To supplement the boot disk, you can attach
local Solid State Drives (local SSDs)
to master, primary worker, and secondary worker nodes in your cluster. Local
SSDs can provide faster read and write times than persistent disk. The 375GB
size of each local SSD is fixed, but you can attach multiple local SSDs to
increase SSD storage (see
Adding Local SSDs).
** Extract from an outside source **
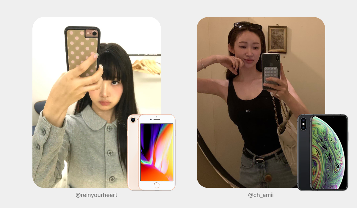 먼저 올드 아이폰 중에서는 전주 대비 198% 검색량 증가를 기록한 ‘아이폰 8’이 돋보입니다. 특유의 맑고 깨끗한 색감 덕분에 꾸준히 회자되는 모델인데요. 햇살 아래에서 촬영했을 때 피사체의 톤이 예쁘게 살아나고, 빈티지한 빛 번짐이 그대로 담기는 것이 특징이에요. 자연스러운 표현력과 청량한 무드를 연출하고 싶을 때 적합한 모델입니다.

Each local SSD
is mounted to /mnt/<id>
in Dataproc cluster nodes.
When local SSDs are provided to the cluster, both HDFS and scratch data,
such as shuffle outputs, will use the local SSDs instead of the boot
Persistent Disk.
Using local SSDs
gcloud command
Use the
gcloud dataproc clusters create
command with the --num-master-local-ssds
,
--num-workers-local-ssds
, and
--num-secondary-worker-local-ssds
flags to attach local
SSDs to the cluster's master, primary, and secondary (preemptible) worker
nodes, respectively.
Example:
gcloud dataproc clusters create cluster-name \ --region=region \ --num-master-local-ssds=1 \ --num-worker-local-ssds=1 \ --num-secondary-worker-local-ssds=1 \ ... other args ...
REST API
Set the
numLocalSsds
field in the masterConfig
, workerConfig
, and
secondaryWorkerConfig
InstanceGroupConfig
in a
cluster.create
API request to attach local SSDs to the cluster's master, primary worker, and
secondary (preemptible) worker nodes, respectively.
Console
Create a cluster and attach local SSDs to the master, primary, and secondary worker nodes from the Configure nodes panel of the Dataproc Create a cluster page of the Google Cloud Console.